Flooding from Michigan to the South damages homes, sends Mississippi River to 157-year-high in Davenport, Iowa

Saturday, May 4, 2019
By Paul Martin

StrangeSounds.org
May 3, 2019

Scatter severe thunderstorms stretching from Texas to Ohio Valley brought tornadoes and flooding across several states. The storms overturned trucks, damaged homes and forced many to seek high ground. At least seven people are dead as a result of storms and flooding since Monday. The Mississippi River ticked above levels reached in 1993 in Davenport, Iowa, the highest level there in 157 years.

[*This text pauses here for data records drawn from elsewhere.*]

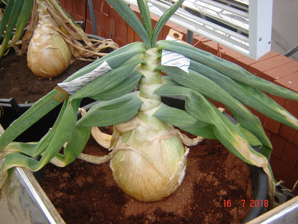 This onion is in Coir growing medium and generally these have greener tops, even if not the largest bulbs.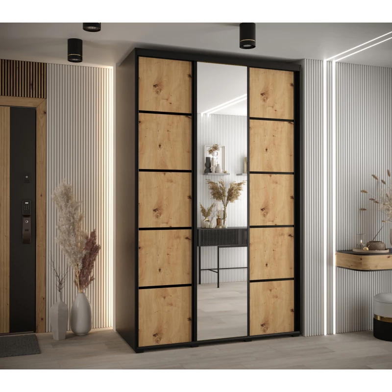 Šatní skříň ASIRI 5 - 150/45 cm, černá / dub artisan / černá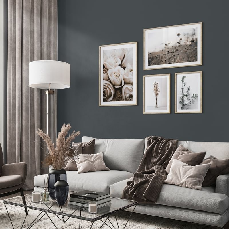 Inspirați-vă pentru un perete cu imagini în camera de zi. Pe această pagină, am adunat colajele noastre pentru sufragerie. Sortați după culoarea peretelui sau după numărul de postere și cumpărați întregul colaj sau alegeți posterele și ramele care vă plac cel mai mult.
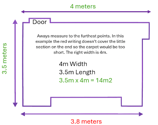 Always add up to 10 cm (4 inches) to both the length and width. This extra material allows your fitter to trim the carpet neatly and handle any slight irregularities in the walls.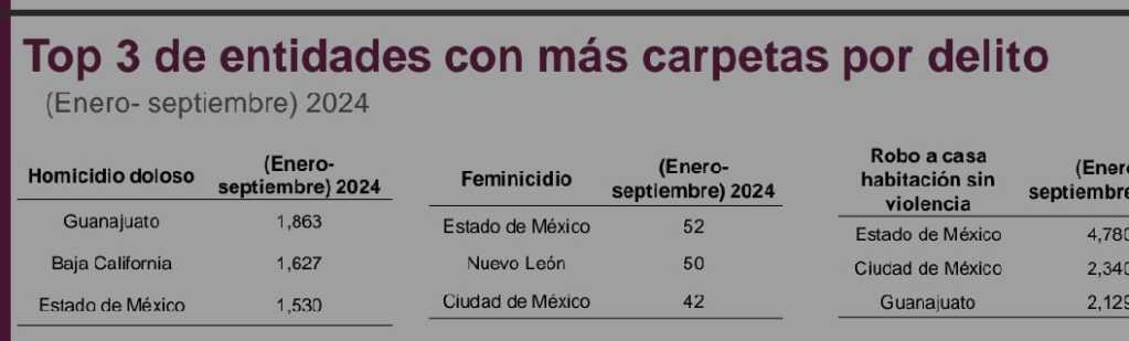 Por su parte, el Consejo Ciudadano para la Seguridad y Justicia, reportó que de enero a septiembre de este año, el Estado de México registró mil 530 carpetas de investigación por homicidio doloso, en primer lugar está Guanajuato con mil 863 y Baja California con mil 627 ocupa el segundo lugar a nivel nacional, según lo reportado por este organismo.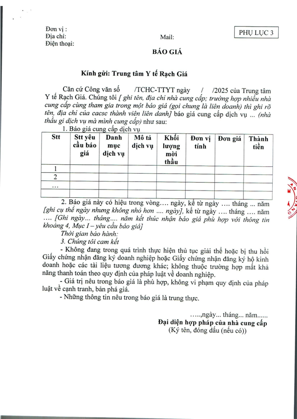 - V/v yêu cầu báo giá việc thẩm định giá tài sản, công cụ dụng cụ thanh lý tại Trung tâm Y tế thành phố Rạch Giá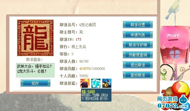 Q寵大樂斗可玩之處頗多,這里著重介紹一個講究團隊的幫派體系。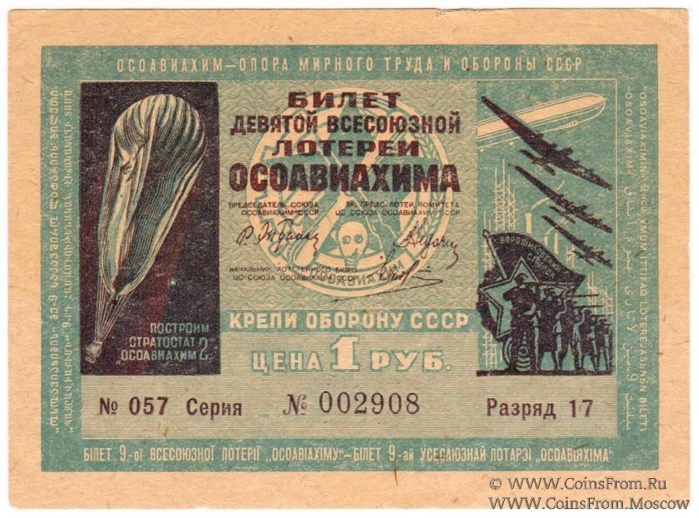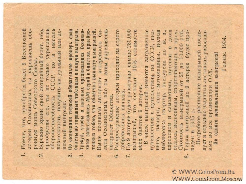Билет. Бумага жёлтая. Водяной знак. Разряды 1-17. 9-я Всесоюзная лотерея 1934 г.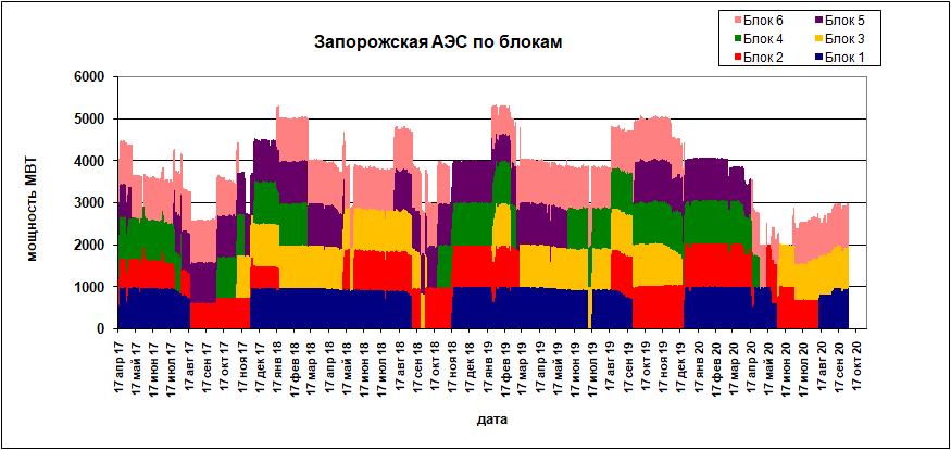 Как ни странно КИУМ зелени на втором месте после АЭС (если брать номинальную мощность зеленки 6153 МВт на конец августа, то КИУМ будет равен 21,54). Очевидно, что на текущий момент мощности ТЭС избыточны. С учетом продолжавшихся балансовых ограничений для АЭС Украины в сентябре выработка электроэнергии была ниже прошлого года и, по моим подсчетам, составила 5835,394 млн. кВтч, что еще снижает КИУМ АЭС до 62,62%. Самой «пострадавшей» от балансовых ограничений является ЗАЭС. Неудивительно, ведь были дни, когда из ее шести блоков три-четыре были отключены из-за ремонта и балансовых ограничений.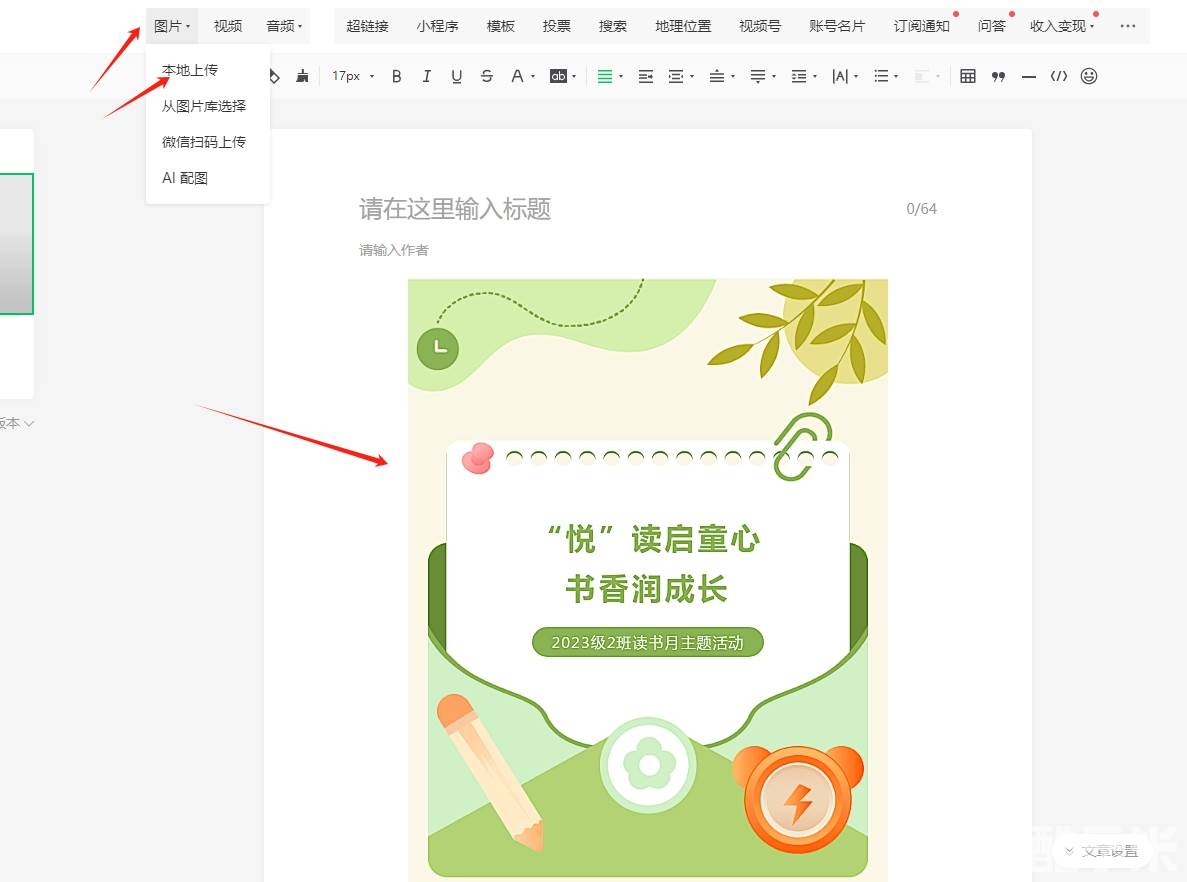 导出完成后,登录微信公众号后台,新建一个图文消息,并点击顶部菜单栏中的“图片”选项,然后选择“本地上传”,将之前导出的图片上传至公众号。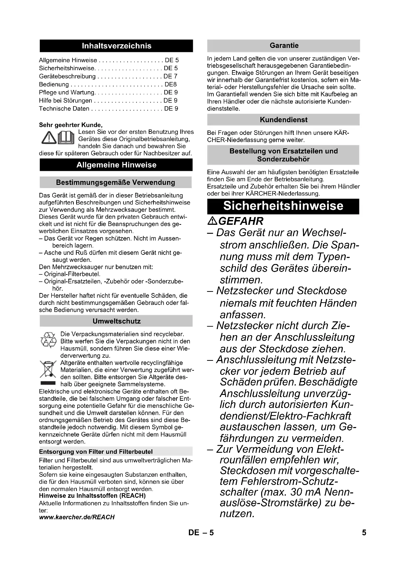 234– 5 Sehr geehrter Kunde, Lesen Sie vor der ersten Benutzung Ihres Gerätes diese Originalbetriebsanleitung, handeln Sie danach und bewahren Sie diese für späteren Gebrauch oder für Nachbesitzer auf. Das Gerät ist gemäß der in dieser Betriebsanleitung aufgeführten Beschreibungen und Sicherheitshinweise zur Verwendung als Mehrzwecksauger bestimmt. Dieses Gerät wurde für den privaten Gebrauch entwi- ckelt und ist nicht für die Beanspruchungen des ge- werblichen Einsatzes vorgesehen. – Das Gerät vor Regen schützen. Nicht im Aussen- bereich lagern. – Asche und Ruß dürfen mit diesem Gerät nicht ge- saugt werden. Den Mehrzwecksauger nur benutzen mit: – Original-Filterbeutel. – Original-Ersatzteilen, -Zubehör oder -Sonderzube- hör. Der Hersteller haftet nicht für eventuelle Schäden, die durch nicht bestimmungsgemäßen Gebrauch oder fal- sche Bedienung verursacht werden. Die Verpackungsmaterialien sind recyclebar. Bitte werfen Sie die Verpackungen nicht in den Hausmüll, sondern führen Sie diese einer Wie- derverwertung zu. Altgeräte enthalten wertvolle recyclingfähige Materialien, die einer Verwertung zugeführt wer- den sollten. Bitte entsorgen Sie Altgeräte des- halb über geeignete Sammelsysteme. Elektrische und elektronische Geräte enthalten oft Be- standteile, die bei falschem Umgang oder falscher Ent- sorgung eine potentielle Gefahr für die menschliche Ge- sundheit und die Umwelt darstellen können. Für den ordnungsgemäßen Betrieb des Gerätes sind diese Be- standteile jedoch notwendig. Mit diesem Symbol ge- kennzeichnete Geräte dürfen nicht mit dem Hausmüll entsorgt werden. Filter und Filterbeutel sind aus umweltverträglichen Ma- terialien hergestellt. Sofern sie keine eingesaugten Substanzen enthalten, die für den Hausmüll verboten sind, können sie über den normalen Hausmüll entsorgt werden. Hinweise zu Inhaltsstoffen (REACH) Aktuelle Informationen zu Inhaltsstoffen finden Sie un- ter: www.kaercher.de/REACH In jedem Land gelten die von unserer zuständigen Ver- triebsgesellschaft herausgegebenen Garantiebedin- gungen. Etwaige Störungen an Ihrem Gerät beseitigen wir innerhalb der Garantiefrist kostenlos, sofern ein Ma- terial- oder Herstellungsfehler die Ursache sein sollte. Im Garantiefall wenden Sie sich bitte mit Kaufbeleg an Ihren Händler oder die nächste autorisierte Kunden- dienststelle. Bei Fragen oder Störungen hilft Ihnen unsere KÄR- CHER-Niederlassung gerne weiter. Eine Auswahl der am häufigsten benötigten Ersatzteile finden Sie am Ende der Betriebsanleitung. Ersatzteile und Zubehör erhalten Sie bei ihrem Händler oder bei ihrer KÄRCHER-Niederlassung. GEFAHR – Das Gerät nur an Wechsel- strom anschließen. Die Span- nung muss mit dem Typen- schild des Gerätes überein- stimmen. – Netzstecker und Steckdose niemals mit feuchten Händen anfassen. – Netzstecker nicht durch Zie- hen an der Anschlussleitung aus der Steckdose ziehen. – Anschlussleitung mit Netzste- cker vor jedem Betrieb auf Schäden prüfen. Beschädigte Anschlussleitung unverzüg- lich durch autorisierten Kun- dendienst/Elektro-Fachkraft austauschen lassen, um Ge- fährdungen zu vermeiden. – Zur Vermeidung von Elekt- rounfällen empfehlen wir, Steckdosen mit vorgeschalte- tem Fehlerstrom-Schutz- schalter (max. 30 mA Nenn- auslöse-Stromstärke) zu be- nutzen. Inhaltsverzeichnis Allgemeine Hinweise ... DE 5 Sicherheitshinweise... DE 5 Gerätebeschreibung ... DE 7 Bedienung ... DE8 Pflege und Wartung... DE 9 Hilfe bei Störungen ... DE 9 Technische Daten ... DE 9 Allgemeine Hinweise Bestimmungsgemäße Verwendung Umweltschutz Entsorgung von Filter und Filterbeutel Garantie Kundendienst Bestellung von Ersatzteilen und Sonderzubehör Sicherheitshinweise 5DE– 6 – Vor allen Pflege– und War- tungsarbeiten das Gerät aus- schalten und den Netzstecker ziehen. – Reparaturarbeiten und Arbei- ten an elektrischen Bauteilen dürfen nur vom autorisierten Kundendienst durchgeführt werden. WARNUNG – Dieses Gerät ist nicht dafür bestimmt, durch Personen mit eingeschränkten physi- schen, sensorischen oder geistigen Fähigkeiten oder mangels Erfahrungen und/ oder mangels Wissen benutzt zu werden, es sei denn, sie werden durch eine für ihre Si- cherheit zuständige Person beaufsichtigt oder erhielten von ihr Anweisungen, wie das Gerät zu benutzen ist und ha- ben die daraus resultieren- den Gefahren verstanden. – Kinder dürfen das Gerät nur dann verwenden, wenn sie über 8 Jahre alt sind und wenn sie durch eine für ihre Sicherheit zuständige Person beaufsichtigt werden oder von ihr Anweisungen erhiel- ten, wie das Gerät zu benut- zen ist und die daraus resul- tierenden Gefahren verstan- den haben. – Kinder dürfen mit dem Gerät nicht spielen. – Kinder beaufsichtigen, um si- cherzustellen, dass sie nicht mit dem Gerät spielen. – Die Reinigung und Anwen- derwartung dürfen von Kin- dern nicht ohne Aufsicht durchgeführt werden. – Verpackungsfolien von Kin- dern fernhalten, es besteht Erstickungsgefahr! – Gerät nach jedem Gebrauch und vor jeder Reinigung/War- tung ausschalten. – Brandgefahr. Keine brennen- den oder glimmenden Ge- genstände aufsaugen. – Der Betrieb in explosionsge- fährdeten Bereichen ist unter- sagt. – Bei Schaumbildung oder Flüssigkeitsaustritt das Gerät sofort ausschalten oder den Netzstecker ziehen! – Keine Scheuermittel, Glas- oder Allzweckreiniger ver- wenden! Gerät niemals in Wasser tauchen. Bestimmte Stoffe können durch die Verwirbelung mit der Saug- luft explosive Dämpfe oder Ge- mische bilden! Nachfolgende Stoffe niemals aufsaugen: – Explosive oder brennbare Gase, Flüssigkeiten und Stäube (reaktive Stäube) – Reaktive Metall-Stäube (z.B. Aluminium, Magnesium, Zink) in Verbindung mit stark alkalischen und sauren Reini- gungsmitteln – Unverdünnte starke Säuren und Laugen 6 DE– 7 – Organische Lösungsmittel (z.B. Benzin, Farbverdünner, Aceton, Heizöl). Zusätzlich können diese Sto

The city’s downtown area remained under water Friday, days after a temporary levee gave way. Michigan Gov. Gretchen Whitmer declared a state of emergency Thursday for Wayne County. At least 3,000 homes have been damaged in Wayne County from flooding.

Deadly flooding from heavy rains and snow melt plagued areas from Michigan to the South, damaging homes and sending the Mississippi River in one spot to levels not reached in 157 years.

The Mississippi River ticked above levels reached in the historic 1993 flood in Davenport, Iowa, making it the highest level there in 157 years. The city’s downtown remained under water Friday, days after a temporary levee gave way and flooded the city that does not have a permanent levee or floodwall, the Associated Press reports.

Jon Erdman, weather.com senior meteorologist, noted that the Mississippi River at Rock Island, Illinois, across the river from Davenport, first rose above flood stage on March 15 as water from melting snow in upstream tributaries flowed into the Mississippi River.

“Rounds of additional rain in Iowa and Illinois and a melt of snow cover from some April storms pushed the river higher since late April,”
Erdman added.

On Friday, the U.S. Coast Guard closed a five-mile stretch of the Mississippi River near St. Louis to boat and barge traffic, the St. Louis Post-Dispatch reported.